## [Brief]
Leave out any picture and return the remaining listing below exactly as given.
START Excerpted data
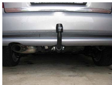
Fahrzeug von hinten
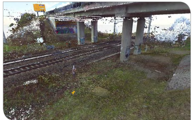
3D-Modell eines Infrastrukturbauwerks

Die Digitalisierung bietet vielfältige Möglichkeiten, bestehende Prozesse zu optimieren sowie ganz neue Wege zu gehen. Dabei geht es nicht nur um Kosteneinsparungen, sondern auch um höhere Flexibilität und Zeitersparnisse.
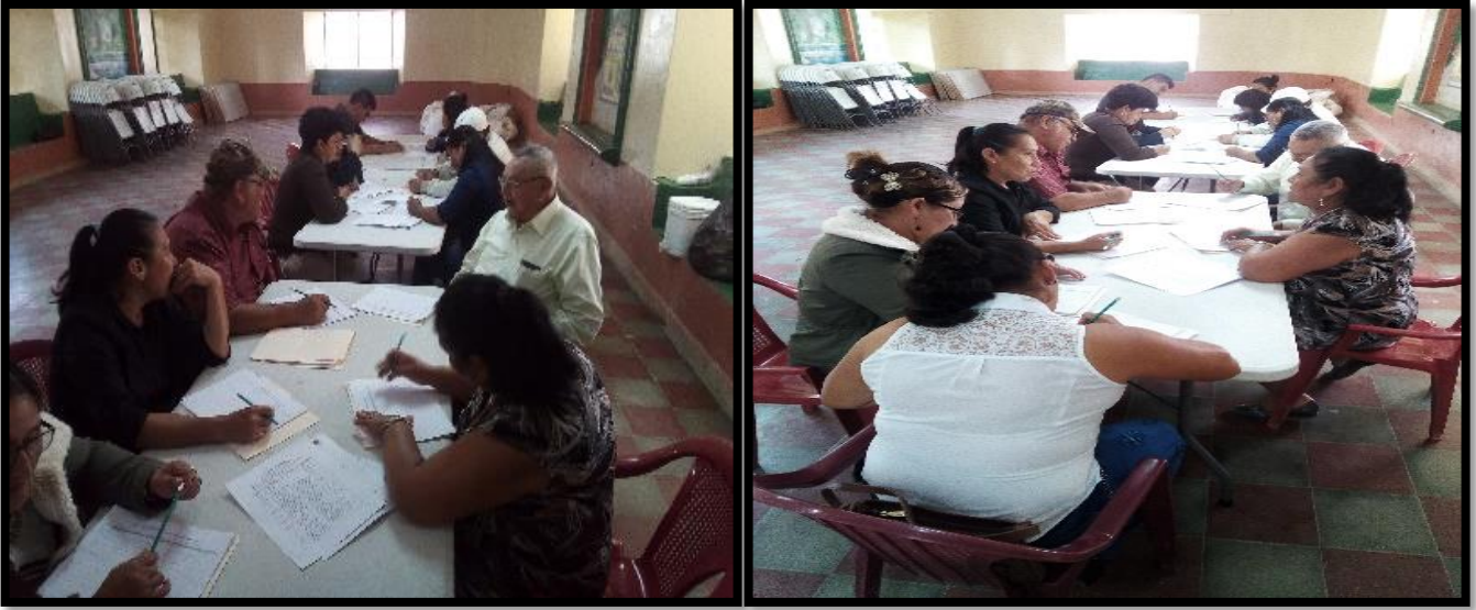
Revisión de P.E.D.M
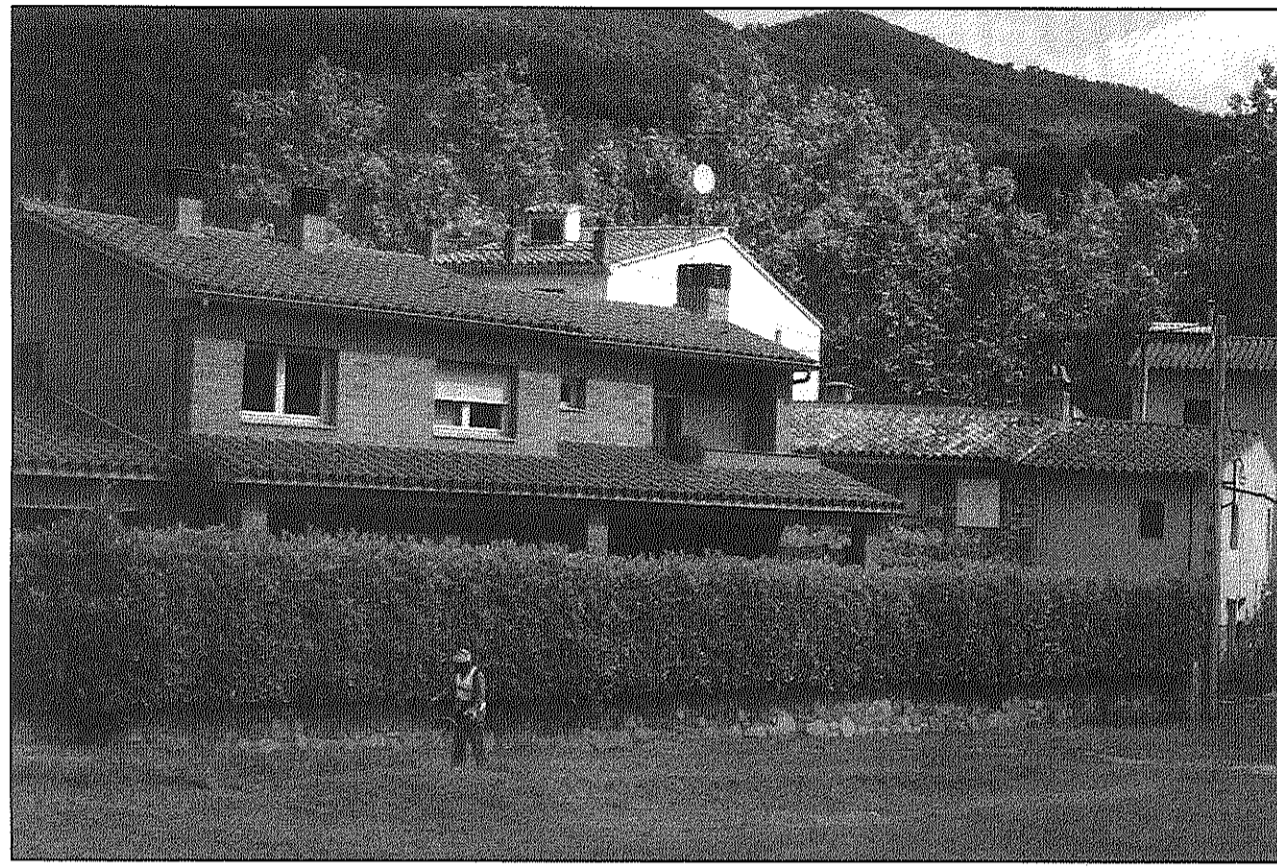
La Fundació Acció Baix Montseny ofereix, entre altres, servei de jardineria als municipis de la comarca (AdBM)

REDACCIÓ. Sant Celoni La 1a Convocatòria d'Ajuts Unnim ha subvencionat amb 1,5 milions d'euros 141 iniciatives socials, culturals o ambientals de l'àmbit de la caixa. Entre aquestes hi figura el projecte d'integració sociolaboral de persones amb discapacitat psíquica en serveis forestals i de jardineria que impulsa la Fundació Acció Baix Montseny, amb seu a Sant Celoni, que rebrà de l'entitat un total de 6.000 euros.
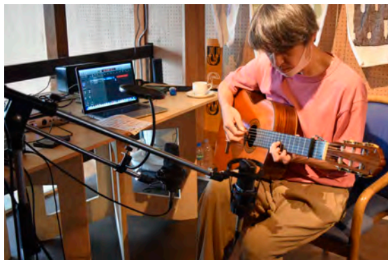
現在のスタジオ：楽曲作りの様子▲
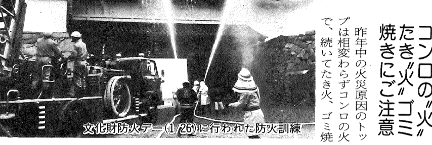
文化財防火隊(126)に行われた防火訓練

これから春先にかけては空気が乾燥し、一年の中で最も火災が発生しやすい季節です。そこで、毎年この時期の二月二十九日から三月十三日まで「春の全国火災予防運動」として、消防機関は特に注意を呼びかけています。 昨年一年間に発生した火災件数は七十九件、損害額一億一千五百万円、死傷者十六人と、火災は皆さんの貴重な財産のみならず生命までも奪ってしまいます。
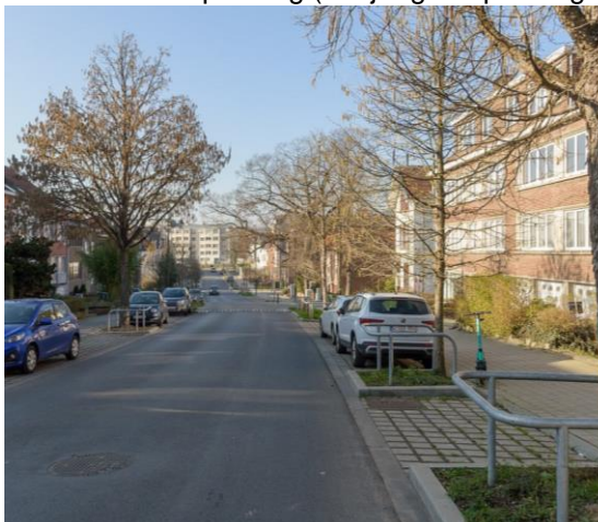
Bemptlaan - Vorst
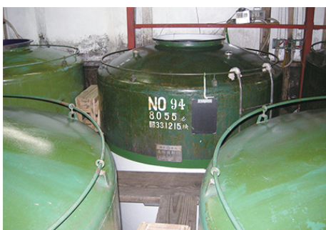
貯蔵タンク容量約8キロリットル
END Excerpted data
## [Answer to the problem]
Fahrzeug von hinten
3D-Modell eines Infrastrukturbauwerks

Die Digitalisierung bietet vielfältige Möglichkeiten, bestehende Prozesse zu optimieren sowie ganz neue Wege zu gehen. Dabei geht es nicht nur um Kosteneinsparungen, sondern auch um höhere Flexibilität und Zeitersparnisse.
Revisión de P.E.D.M
La Fundació Acció Baix Montseny ofereix, entre altres, servei de jardineria als municipis de la comarca (AdBM)

REDACCIÓ. Sant Celoni La 1a Convocatòria d'Ajuts Unnim ha subvencionat amb 1,5 milions d'euros 141 iniciatives socials, culturals o ambientals de l'àmbit de la caixa. Entre aquestes hi figura el projecte d'integració sociolaboral de persones amb discapacitat psíquica en serveis forestals i de jardineria que impulsa la Fundació Acció Baix Montseny, amb seu a Sant Celoni, que rebrà de l'entitat un total de 6.000 euros.
現在のスタジオ：楽曲作りの様子▲
文化財防火隊(126)に行われた防火訓練

これから春先にかけては空気が乾燥し、一年の中で最も火災が発生しやすい季節です。そこで、毎年この時期の二月二十九日から三月十三日まで「春の全国火災予防運動」として、消防機関は特に注意を呼びかけています。 昨年一年間に発生した火災件数は七十九件、損害額一億一千五百万円、死傷者十六人と、火災は皆さんの貴重な財産のみならず生命までも奪ってしまいます。
Bemptlaan - Vorst
貯蔵タンク容量約8キロリットル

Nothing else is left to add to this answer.